(Required work):
Beginning with the line that holds "バロンチェア(Baron) 肘付きハイバック ■メッシュ背面", output every remaining line of the material below exactly, and include none of the pictures.

(Input data):

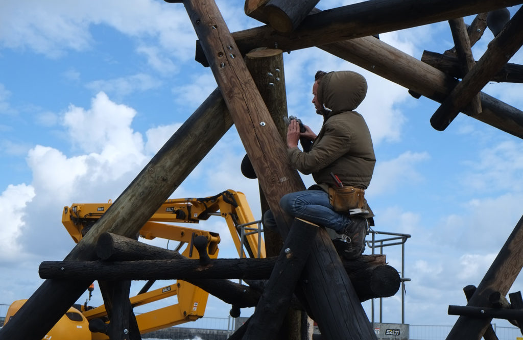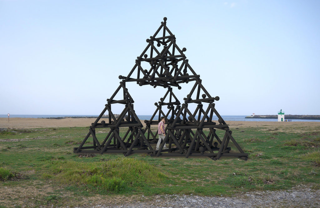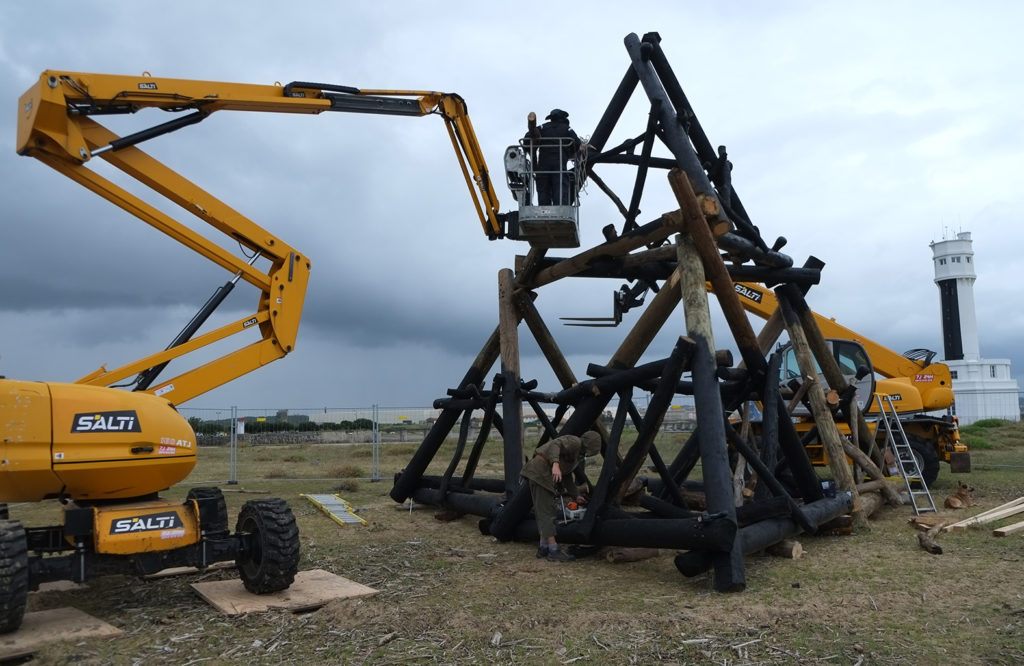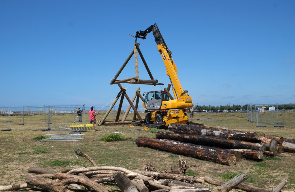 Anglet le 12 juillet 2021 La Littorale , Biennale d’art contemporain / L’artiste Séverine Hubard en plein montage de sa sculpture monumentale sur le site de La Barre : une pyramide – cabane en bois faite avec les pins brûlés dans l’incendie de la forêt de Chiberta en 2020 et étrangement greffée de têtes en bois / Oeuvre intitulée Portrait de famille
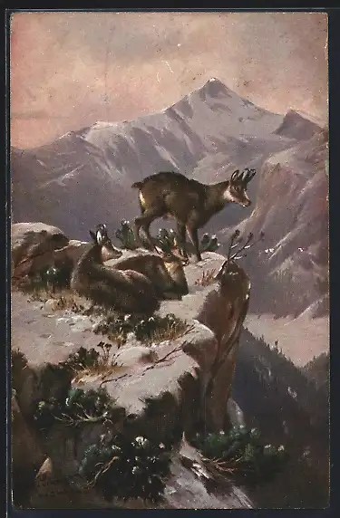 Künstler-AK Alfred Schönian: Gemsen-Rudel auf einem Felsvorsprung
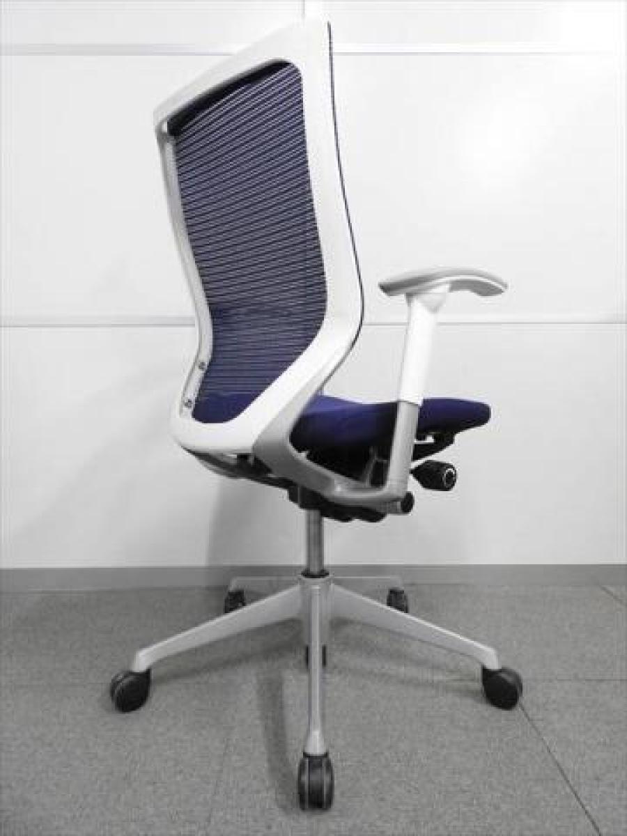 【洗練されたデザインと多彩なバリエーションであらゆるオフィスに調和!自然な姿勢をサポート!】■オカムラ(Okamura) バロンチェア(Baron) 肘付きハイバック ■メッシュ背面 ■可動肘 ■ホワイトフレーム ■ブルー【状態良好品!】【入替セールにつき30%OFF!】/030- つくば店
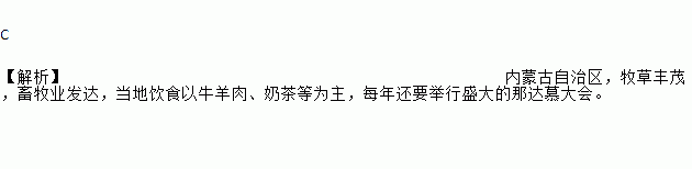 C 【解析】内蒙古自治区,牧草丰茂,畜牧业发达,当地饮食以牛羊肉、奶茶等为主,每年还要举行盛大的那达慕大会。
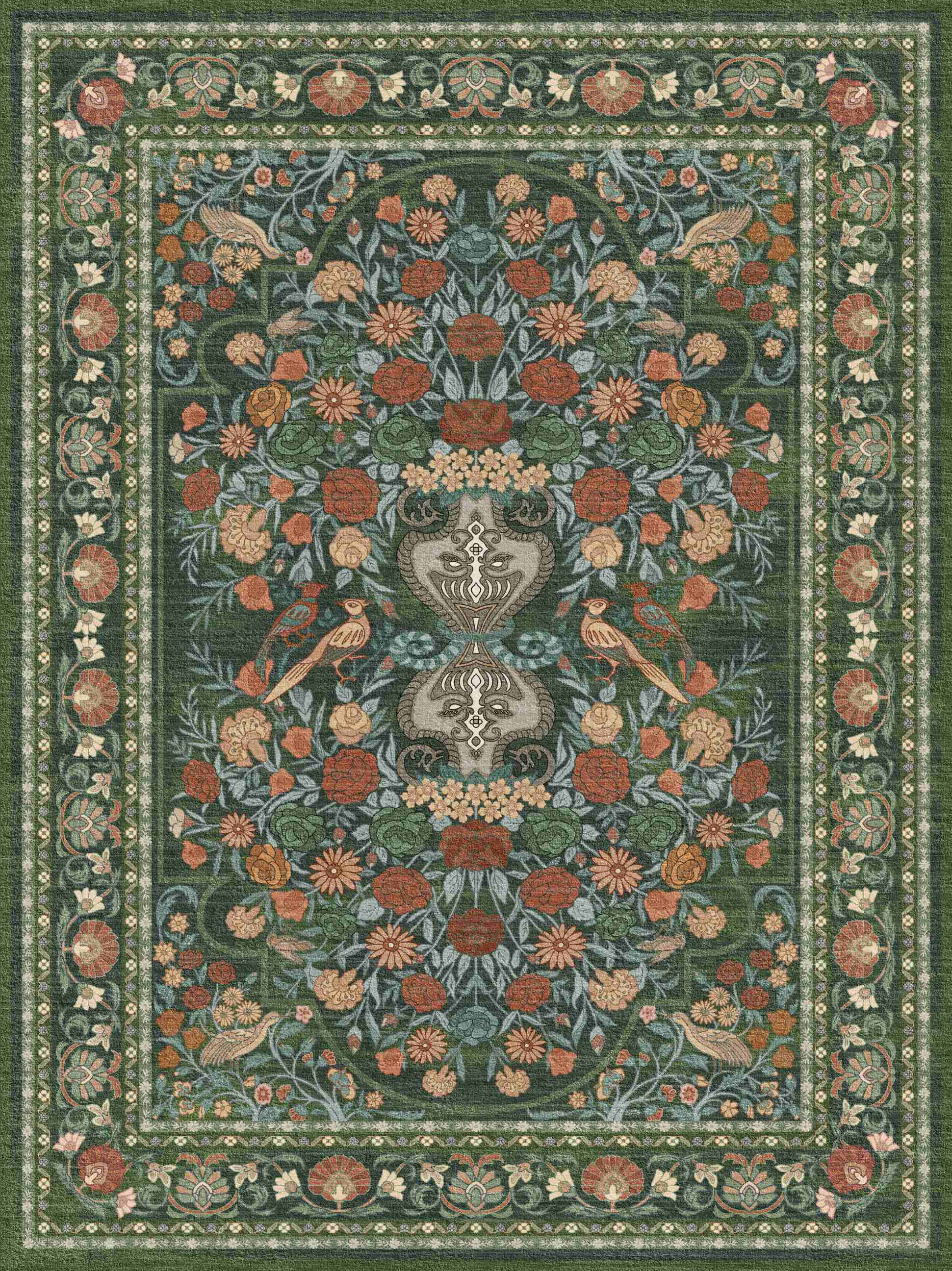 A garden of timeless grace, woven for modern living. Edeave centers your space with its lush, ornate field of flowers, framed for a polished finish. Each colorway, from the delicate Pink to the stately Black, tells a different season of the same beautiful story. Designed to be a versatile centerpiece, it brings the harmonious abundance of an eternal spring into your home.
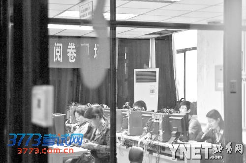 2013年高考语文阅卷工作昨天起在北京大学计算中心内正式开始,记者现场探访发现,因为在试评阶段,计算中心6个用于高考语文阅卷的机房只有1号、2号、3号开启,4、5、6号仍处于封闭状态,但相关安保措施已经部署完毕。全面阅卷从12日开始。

(Result for this task):
 【洗練されたデザインと多彩なバリエーションであらゆるオフィスに調和!自然な姿勢をサポート!】■オカムラ(Okamura) バロンチェア(Baron) 肘付きハイバック ■メッシュ背面 ■可動肘 ■ホワイトフレーム ■ブルー【状態良好品!】【入替セールにつき30%OFF!】/030- つくば店
 C 【解析】内蒙古自治区,牧草丰茂,畜牧业发达,当地饮食以牛羊肉、奶茶等为主,每年还要举行盛大的那达慕大会。
 A garden of timeless grace, woven for modern living. Edeave centers your space with its lush, ornate field of flowers, framed for a polished finish. Each colorway, from the delicate Pink to the stately Black, tells a different season of the same beautiful story. Designed to be a versatile centerpiece, it brings the harmonious abundance of an eternal spring into your home.
 2013年高考语文阅卷工作昨天起在北京大学计算中心内正式开始,记者现场探访发现,因为在试评阶段,计算中心6个用于高考语文阅卷的机房只有1号、2号、3号开启,4、5、6号仍处于封闭状态,但相关安保措施已经部署完毕。全面阅卷从12日开始。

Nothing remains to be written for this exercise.